▶ [Work instruction]
The records that follow are to be transcribed in full, leaving out each picture.

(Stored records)
════════

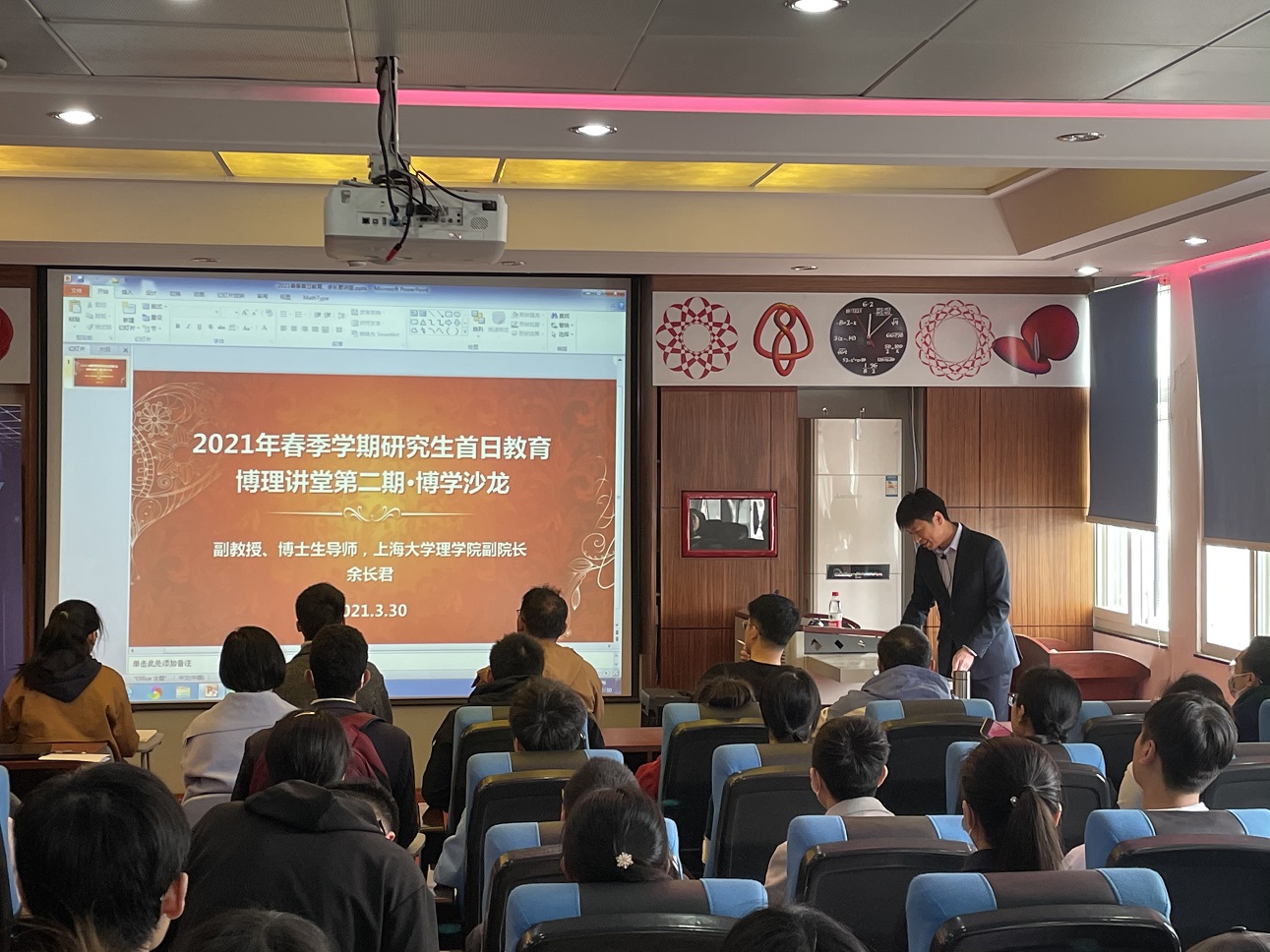 为拓宽学术视野,进一步提高学生科研写作能力,营造良好学风氛围,3月30日上午10点,365英国上市集团在宝山校区G507举办2021年春季学期研究生首日教育暨博理讲堂第二期·博学沙龙。365英国上市集团副院长余长君主讲题为“如何写好一篇高质量学术论文”的专题讲座,本次讲座由365英国上市集团辅导员郭晓光主持。百余名365英国上市集团学生参加了本次讲座,G507座无虚席,临时加坐也难以满足需求,过道以及后排挤满了前来聆听讲座的莘莘学子,整场讲座持续约100分钟,数十名同学坚持全程站立听讲,会场充满着浓郁的学术氛围。
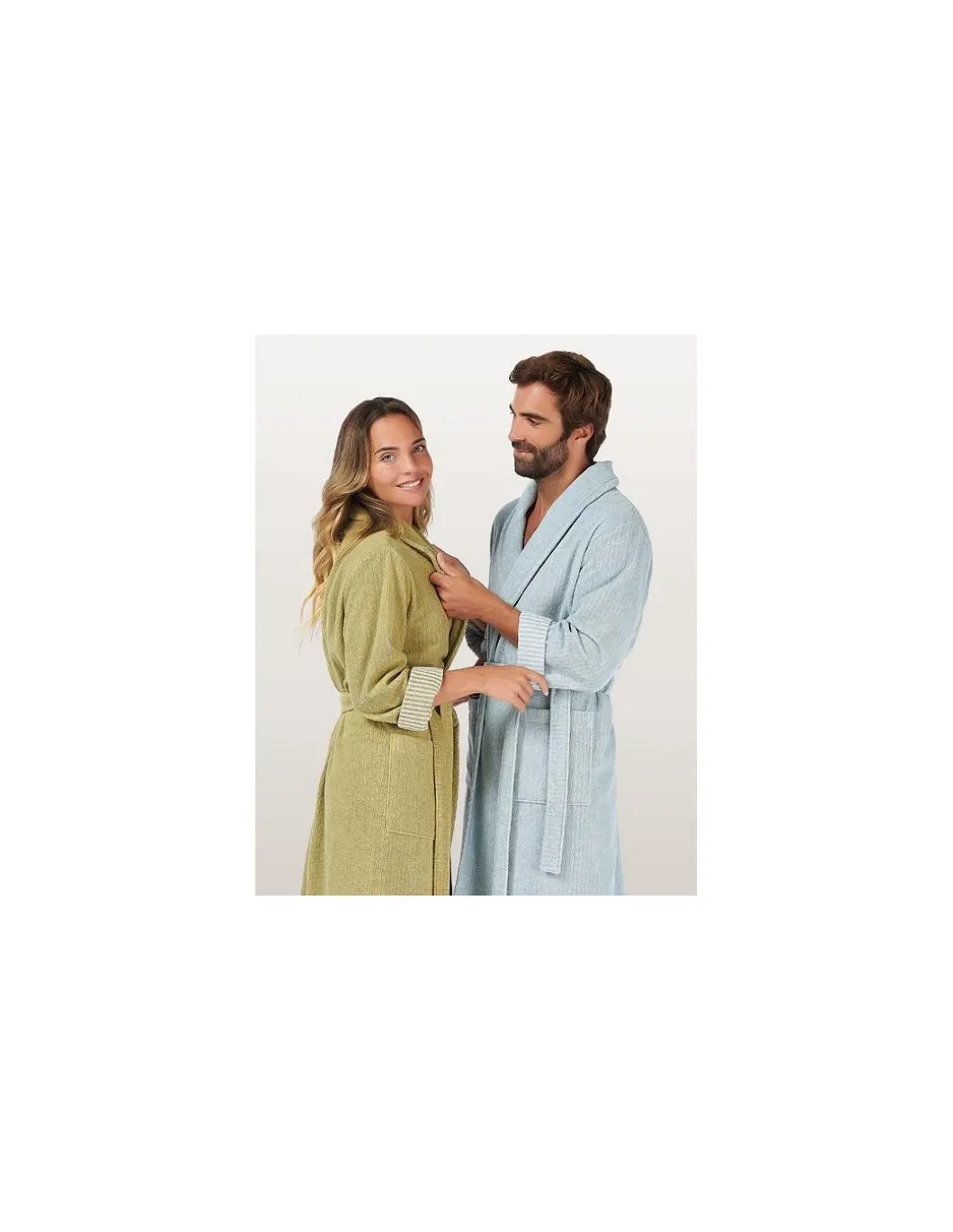 Roupão de banho Lasa – Home, com gola, cinto, bolsos e presilha para pendurar. Roupão 100% algodão com 380 gr./m2 fio torcido cara interna e cara externa laminada.
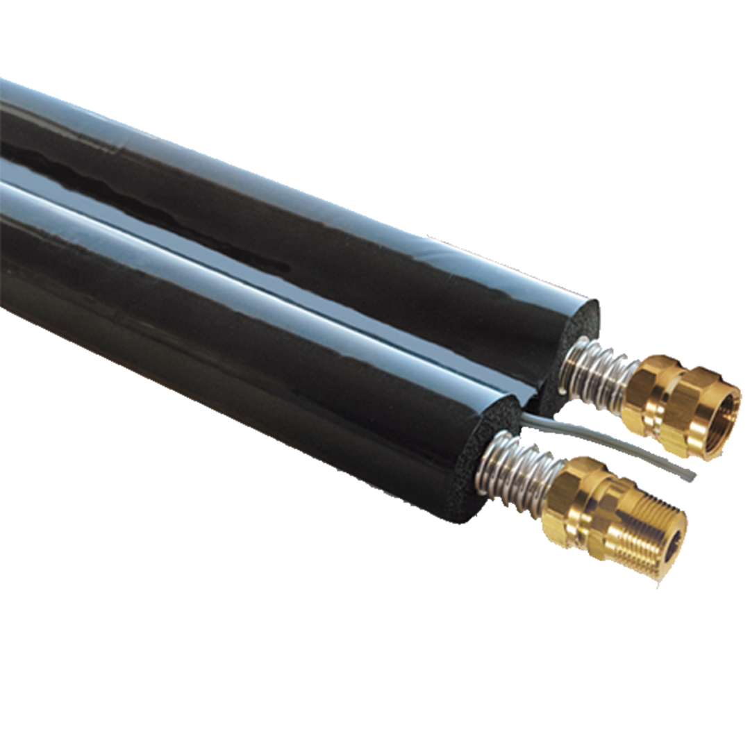 Sistema de tuberías, rápido para instalaciones solares, para entubar en el interior y en el exterior, 2 tubos ondulados de acero inoxidable, aislado con caucho celular resistente a altas temperaturas y los rayos UV.
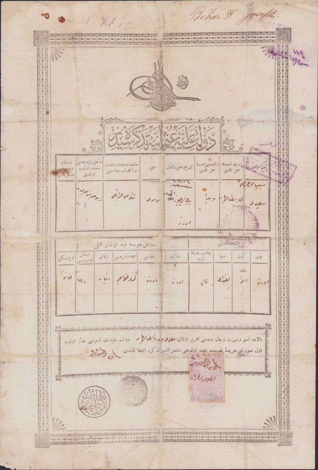 Devlet-i Aliye-i Osmaniye Tezkiresi, Edirne'de Yahudi azınlığa yönelik nüfus dokümanı, 1903 tarihli
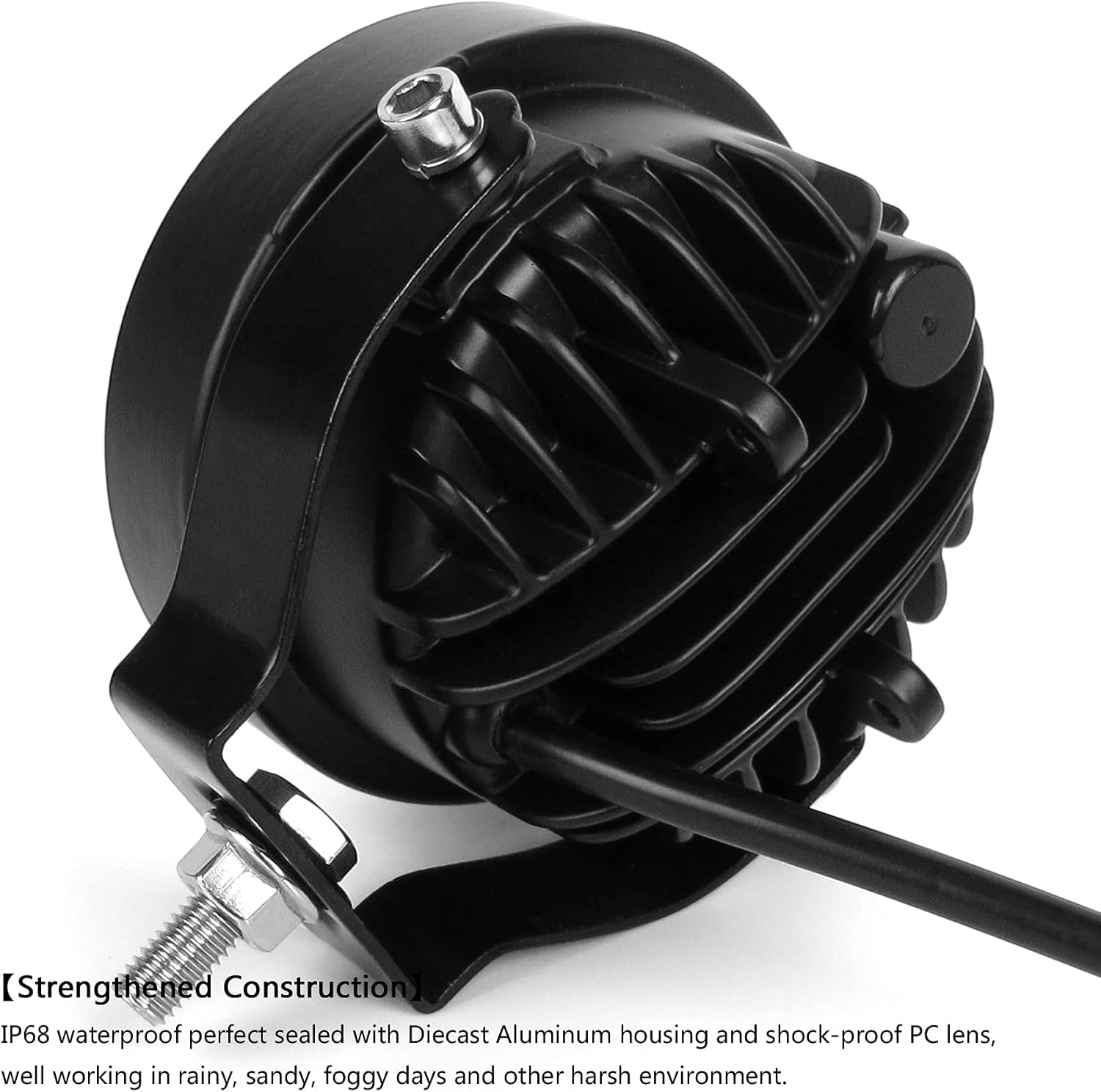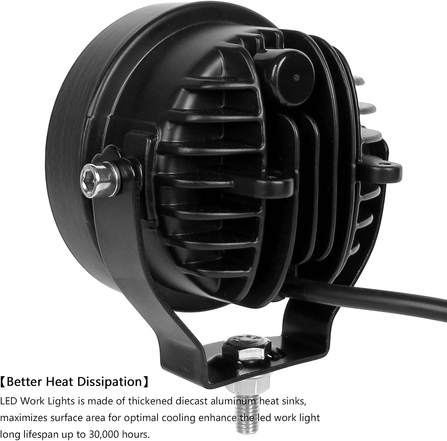 - ăSUPER BRIGHTNESSă Compare with the same size another work light,this kind light have the most biggest real wattage,advanced High Power Led Chip give out bright and White ray for clear visibility. special designed lamp cup leads to wider illumination range, allowing you to see the left and right side clearly.

════════

▶ [Exercise result]
 为拓宽学术视野,进一步提高学生科研写作能力,营造良好学风氛围,3月30日上午10点,365英国上市集团在宝山校区G507举办2021年春季学期研究生首日教育暨博理讲堂第二期·博学沙龙。365英国上市集团副院长余长君主讲题为“如何写好一篇高质量学术论文”的专题讲座,本次讲座由365英国上市集团辅导员郭晓光主持。百余名365英国上市集团学生参加了本次讲座,G507座无虚席,临时加坐也难以满足需求,过道以及后排挤满了前来聆听讲座的莘莘学子,整场讲座持续约100分钟,数十名同学坚持全程站立听讲,会场充满着浓郁的学术氛围。
 Roupão de banho Lasa – Home, com gola, cinto, bolsos e presilha para pendurar. Roupão 100% algodão com 380 gr./m2 fio torcido cara interna e cara externa laminada.
 Sistema de tuberías, rápido para instalaciones solares, para entubar en el interior y en el exterior, 2 tubos ondulados de acero inoxidable, aislado con caucho celular resistente a altas temperaturas y los rayos UV.
 Devlet-i Aliye-i Osmaniye Tezkiresi, Edirne'de Yahudi azınlığa yönelik nüfus dokümanı, 1903 tarihli
 - ăSUPER BRIGHTNESSă Compare with the same size another work light,this kind light have the most biggest real wattage,advanced High Power Led Chip give out bright and White ray for clear visibility. special designed lamp cup leads to wider illumination range, allowing you to see the left and right side clearly.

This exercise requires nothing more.